Ms. Pradhan said the excursion was aimed at the defense team’s argument that Baluchi saw the 2007 interrogation as another step in his odyssey of torture through black sites. Interrogators said they shared McDonald’s food and chatted with him.

But Ms. Pradhan said that simply being there, in a place similar to previous black sites where he was beaten, shackled naked and deprived of sleep, “triggered an intense fear in him” that left him with no option yet to tell his interrogators what they had said. had done. I wanted to listen.

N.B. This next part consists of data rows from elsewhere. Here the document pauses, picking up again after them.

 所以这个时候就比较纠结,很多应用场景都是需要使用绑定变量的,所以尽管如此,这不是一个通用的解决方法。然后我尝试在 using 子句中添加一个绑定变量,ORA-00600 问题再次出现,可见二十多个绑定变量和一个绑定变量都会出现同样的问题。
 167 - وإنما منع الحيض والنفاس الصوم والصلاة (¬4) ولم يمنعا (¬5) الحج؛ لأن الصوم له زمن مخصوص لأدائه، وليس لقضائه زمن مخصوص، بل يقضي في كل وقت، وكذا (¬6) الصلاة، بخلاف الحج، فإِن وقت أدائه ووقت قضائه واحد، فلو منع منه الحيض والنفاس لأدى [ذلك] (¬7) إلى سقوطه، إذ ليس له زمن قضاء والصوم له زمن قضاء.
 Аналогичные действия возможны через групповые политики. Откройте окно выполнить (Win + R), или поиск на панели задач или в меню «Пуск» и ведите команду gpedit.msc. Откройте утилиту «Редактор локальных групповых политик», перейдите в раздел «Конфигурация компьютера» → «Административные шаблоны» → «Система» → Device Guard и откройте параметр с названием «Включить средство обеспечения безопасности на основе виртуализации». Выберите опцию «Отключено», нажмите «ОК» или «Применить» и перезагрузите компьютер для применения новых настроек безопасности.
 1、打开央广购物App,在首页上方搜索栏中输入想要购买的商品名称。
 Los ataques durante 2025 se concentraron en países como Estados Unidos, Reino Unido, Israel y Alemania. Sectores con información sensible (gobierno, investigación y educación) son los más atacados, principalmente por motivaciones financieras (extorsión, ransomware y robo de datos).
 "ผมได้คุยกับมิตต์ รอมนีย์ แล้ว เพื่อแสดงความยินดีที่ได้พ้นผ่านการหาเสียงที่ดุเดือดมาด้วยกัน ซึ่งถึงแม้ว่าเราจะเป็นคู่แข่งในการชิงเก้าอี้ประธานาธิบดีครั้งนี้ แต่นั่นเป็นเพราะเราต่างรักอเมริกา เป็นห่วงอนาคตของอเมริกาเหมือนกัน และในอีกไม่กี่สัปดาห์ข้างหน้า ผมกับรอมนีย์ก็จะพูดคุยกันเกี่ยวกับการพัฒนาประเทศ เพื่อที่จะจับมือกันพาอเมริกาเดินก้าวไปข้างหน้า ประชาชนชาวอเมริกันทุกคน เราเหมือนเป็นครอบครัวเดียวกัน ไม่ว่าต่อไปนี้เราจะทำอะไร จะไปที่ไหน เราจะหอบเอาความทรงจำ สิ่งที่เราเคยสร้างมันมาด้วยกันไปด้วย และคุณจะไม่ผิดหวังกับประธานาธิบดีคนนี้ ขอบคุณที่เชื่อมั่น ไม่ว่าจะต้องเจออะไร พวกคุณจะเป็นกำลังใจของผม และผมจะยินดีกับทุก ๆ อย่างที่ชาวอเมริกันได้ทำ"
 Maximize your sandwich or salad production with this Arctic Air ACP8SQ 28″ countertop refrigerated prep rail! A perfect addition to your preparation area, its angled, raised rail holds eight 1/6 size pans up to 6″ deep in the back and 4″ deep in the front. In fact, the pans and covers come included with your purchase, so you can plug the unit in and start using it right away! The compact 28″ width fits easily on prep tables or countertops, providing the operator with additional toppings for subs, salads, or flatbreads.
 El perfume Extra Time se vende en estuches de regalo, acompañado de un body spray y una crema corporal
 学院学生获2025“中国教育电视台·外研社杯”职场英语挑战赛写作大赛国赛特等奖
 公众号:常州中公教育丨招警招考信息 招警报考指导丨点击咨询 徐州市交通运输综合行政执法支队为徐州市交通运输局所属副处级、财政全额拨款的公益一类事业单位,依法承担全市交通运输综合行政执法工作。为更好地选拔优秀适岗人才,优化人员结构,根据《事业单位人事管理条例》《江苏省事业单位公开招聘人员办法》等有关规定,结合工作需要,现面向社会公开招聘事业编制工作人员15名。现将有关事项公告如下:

Colonel McCall left his black robe at the courthouse and drove himself and an aide to the checkpoint that controls access to the prison complex, a 15-minute ride past an Irish pub, McDonald’s and a bowling alley that serves the base of about 5,000 residents — most of whom have never been allowed inside the prison zone.

In 2019, the U.S. government declassified the fact that a portion of Camp Echo had been a black site at Guantánamo, but defense lawyers had been aware of that national security secret for years. Three defendants in the capital cases told their counsel that they had been there before.

One of them, Abd al-Rahim al-Nashiri, is accused of orchestrating al-Qaida’s suicide bombing of the U. S. destroyer Cole off the coast of Yemen on Oct. 12, 2000, in the longest-serving Guantanamo Bay case.

Last year, the Army, in charge of the case, Colonel Lanny J. Acosta Jr. , rejected statements made during federal interrogations of Mr. Nashiri at Echo in 2007, as stemming from his years of torture through the CIA.

“The FBI interview in 2007 took place in the same compound, and in all likelihood even in the same cell,” he wrote.